Exercise prompt → Starting at the line below with "When comet Hale-Bopp" and stopping at the line with "Cachet on the", please print each line exactly, those two included, and skip every picture.

Recorded information →
........
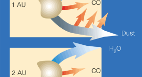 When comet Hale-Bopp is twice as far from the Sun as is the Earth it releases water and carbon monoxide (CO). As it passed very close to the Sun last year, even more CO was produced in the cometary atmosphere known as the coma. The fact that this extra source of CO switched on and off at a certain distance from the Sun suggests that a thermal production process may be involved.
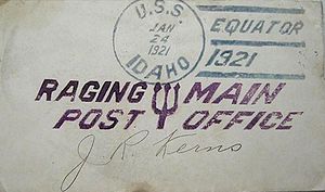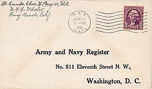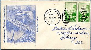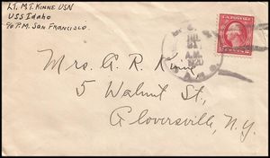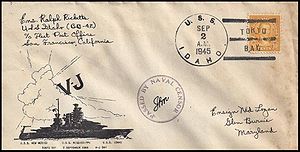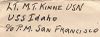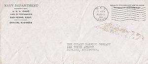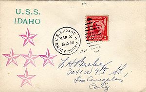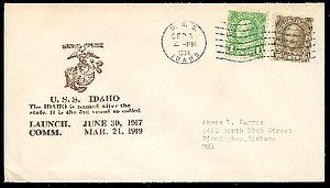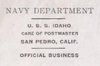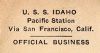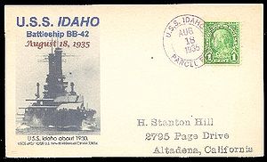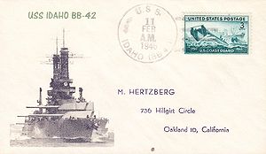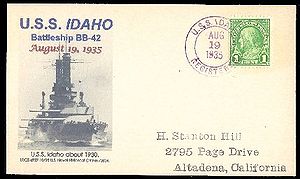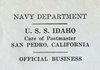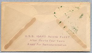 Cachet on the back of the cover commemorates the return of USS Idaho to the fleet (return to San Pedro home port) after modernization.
........
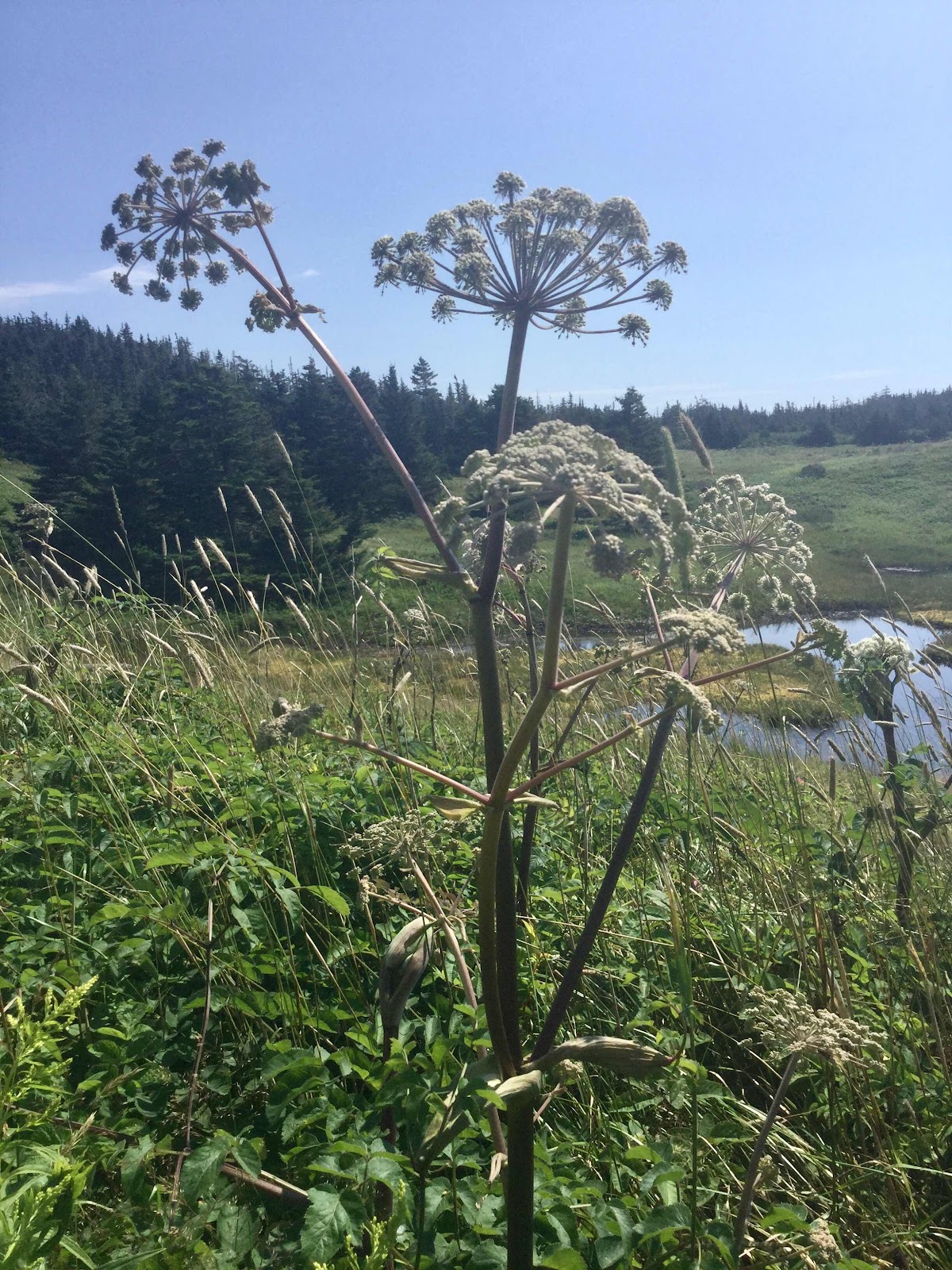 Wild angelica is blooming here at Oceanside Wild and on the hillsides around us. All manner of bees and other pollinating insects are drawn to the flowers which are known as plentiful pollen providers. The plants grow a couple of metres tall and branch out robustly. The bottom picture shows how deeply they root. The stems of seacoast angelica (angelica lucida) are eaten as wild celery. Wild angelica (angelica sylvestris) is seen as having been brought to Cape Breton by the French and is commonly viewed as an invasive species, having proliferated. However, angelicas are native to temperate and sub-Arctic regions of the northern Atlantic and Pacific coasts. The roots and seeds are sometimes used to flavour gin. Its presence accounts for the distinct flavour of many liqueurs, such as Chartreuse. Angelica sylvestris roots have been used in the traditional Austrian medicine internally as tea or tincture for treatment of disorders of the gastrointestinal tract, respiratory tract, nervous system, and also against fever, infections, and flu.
........
Solution to this problem →
 When comet Hale-Bopp is twice as far from the Sun as is the Earth it releases water and carbon monoxide (CO). As it passed very close to the Sun last year, even more CO was produced in the cometary atmosphere known as the coma. The fact that this extra source of CO switched on and off at a certain distance from the Sun suggests that a thermal production process may be involved.
 Cachet on the back of the cover commemorates the return of USS Idaho to the fleet (return to San Pedro home port) after modernization.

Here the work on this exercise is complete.